WHAT TO PRODUCE
Excerpt from the entries below: please repeat exactly the lines from the one containing "FOOTBALL CAMP is" through the last one, both ends included, with no pictures.

Collected data
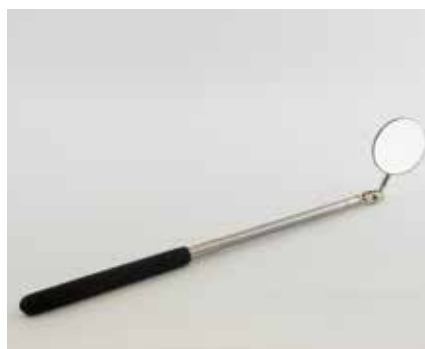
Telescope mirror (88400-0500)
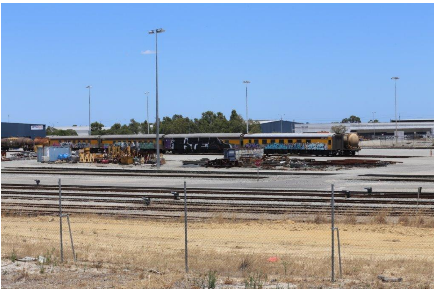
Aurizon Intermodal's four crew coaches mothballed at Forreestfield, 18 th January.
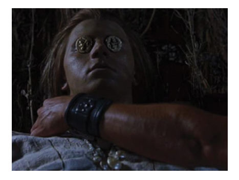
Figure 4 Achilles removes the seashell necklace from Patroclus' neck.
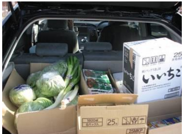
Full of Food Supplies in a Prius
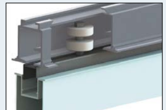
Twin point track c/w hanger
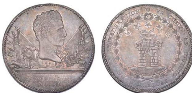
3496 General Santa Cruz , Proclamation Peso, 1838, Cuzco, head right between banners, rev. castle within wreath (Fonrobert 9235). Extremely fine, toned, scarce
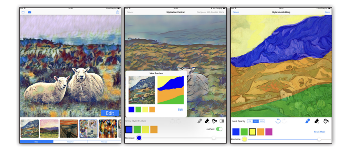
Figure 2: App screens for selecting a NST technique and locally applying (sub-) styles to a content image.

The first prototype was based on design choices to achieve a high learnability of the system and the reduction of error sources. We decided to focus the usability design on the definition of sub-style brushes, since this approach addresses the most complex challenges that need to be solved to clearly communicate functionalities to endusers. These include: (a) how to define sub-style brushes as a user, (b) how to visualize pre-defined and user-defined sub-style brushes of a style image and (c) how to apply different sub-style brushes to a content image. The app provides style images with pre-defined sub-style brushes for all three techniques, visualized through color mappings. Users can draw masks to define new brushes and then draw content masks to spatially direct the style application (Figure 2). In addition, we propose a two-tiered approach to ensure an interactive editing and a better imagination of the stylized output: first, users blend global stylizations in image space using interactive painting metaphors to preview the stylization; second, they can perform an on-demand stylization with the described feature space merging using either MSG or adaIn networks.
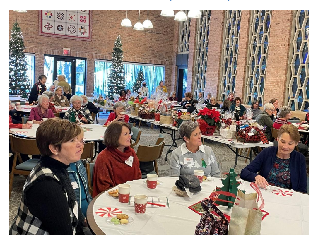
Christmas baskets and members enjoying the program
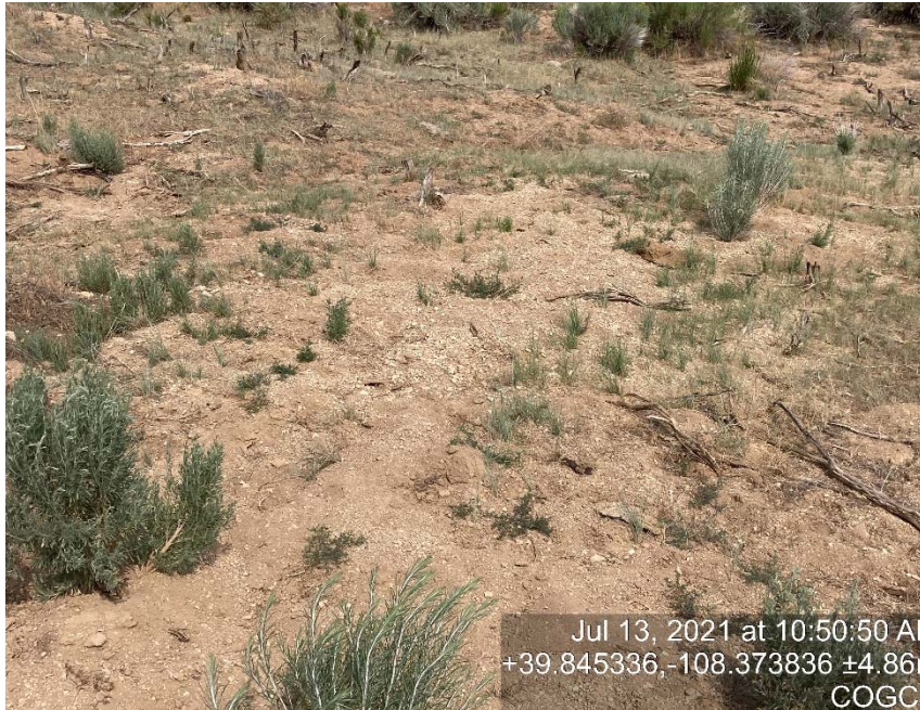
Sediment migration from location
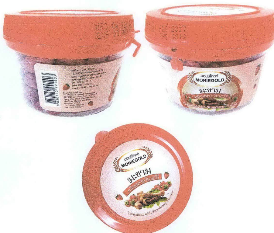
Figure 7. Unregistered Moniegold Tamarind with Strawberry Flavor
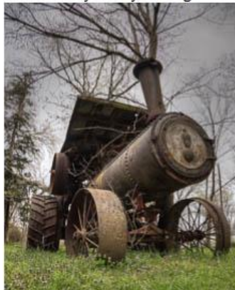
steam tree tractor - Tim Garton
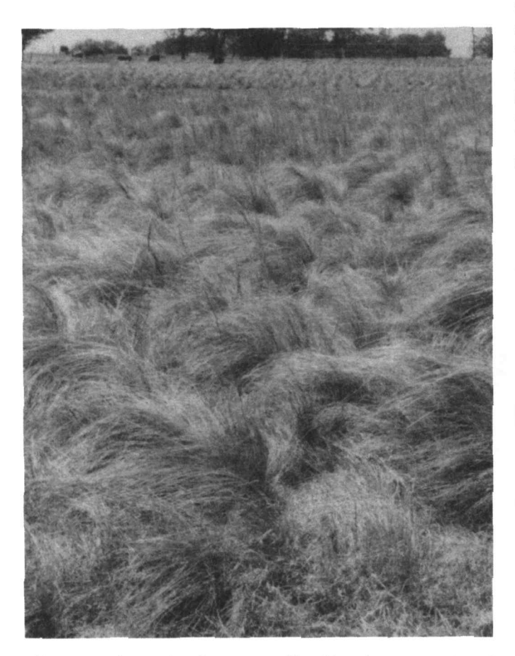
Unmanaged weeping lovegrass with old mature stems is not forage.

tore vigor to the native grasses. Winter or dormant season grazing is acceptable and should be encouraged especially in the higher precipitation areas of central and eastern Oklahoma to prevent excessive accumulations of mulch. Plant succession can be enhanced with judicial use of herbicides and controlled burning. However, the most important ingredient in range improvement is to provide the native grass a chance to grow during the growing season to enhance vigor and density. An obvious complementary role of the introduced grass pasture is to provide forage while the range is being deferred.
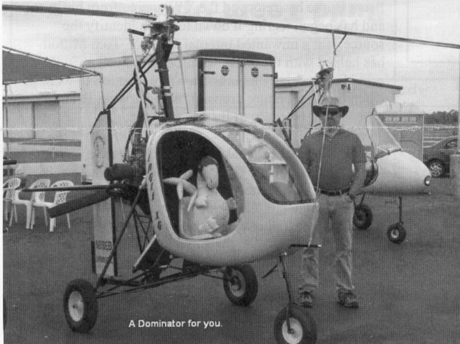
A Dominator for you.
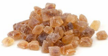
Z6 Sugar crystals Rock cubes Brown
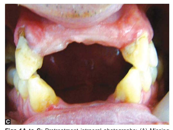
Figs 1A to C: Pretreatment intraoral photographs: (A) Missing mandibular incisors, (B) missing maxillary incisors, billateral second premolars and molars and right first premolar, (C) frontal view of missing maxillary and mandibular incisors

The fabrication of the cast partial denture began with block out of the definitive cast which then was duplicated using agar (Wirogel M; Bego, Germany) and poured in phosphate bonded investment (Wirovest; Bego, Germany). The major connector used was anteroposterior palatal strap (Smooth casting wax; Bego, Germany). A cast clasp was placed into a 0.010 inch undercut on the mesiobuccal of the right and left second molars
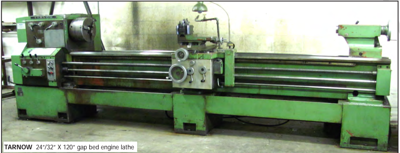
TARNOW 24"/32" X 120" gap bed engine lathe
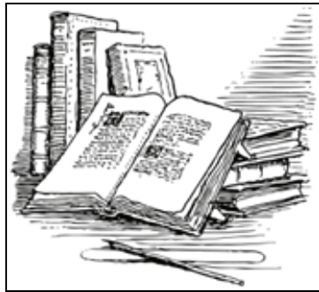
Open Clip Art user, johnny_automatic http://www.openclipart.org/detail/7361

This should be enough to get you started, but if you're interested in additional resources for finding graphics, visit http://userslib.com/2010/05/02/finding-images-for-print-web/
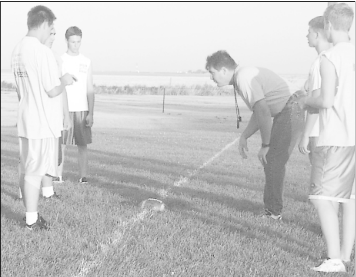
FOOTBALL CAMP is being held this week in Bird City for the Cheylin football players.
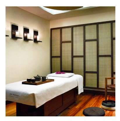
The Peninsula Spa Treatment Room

WRITTEN SOLUTION
FOOTBALL CAMP is being held this week in Bird City for the Cheylin football players.
The Peninsula Spa Treatment Room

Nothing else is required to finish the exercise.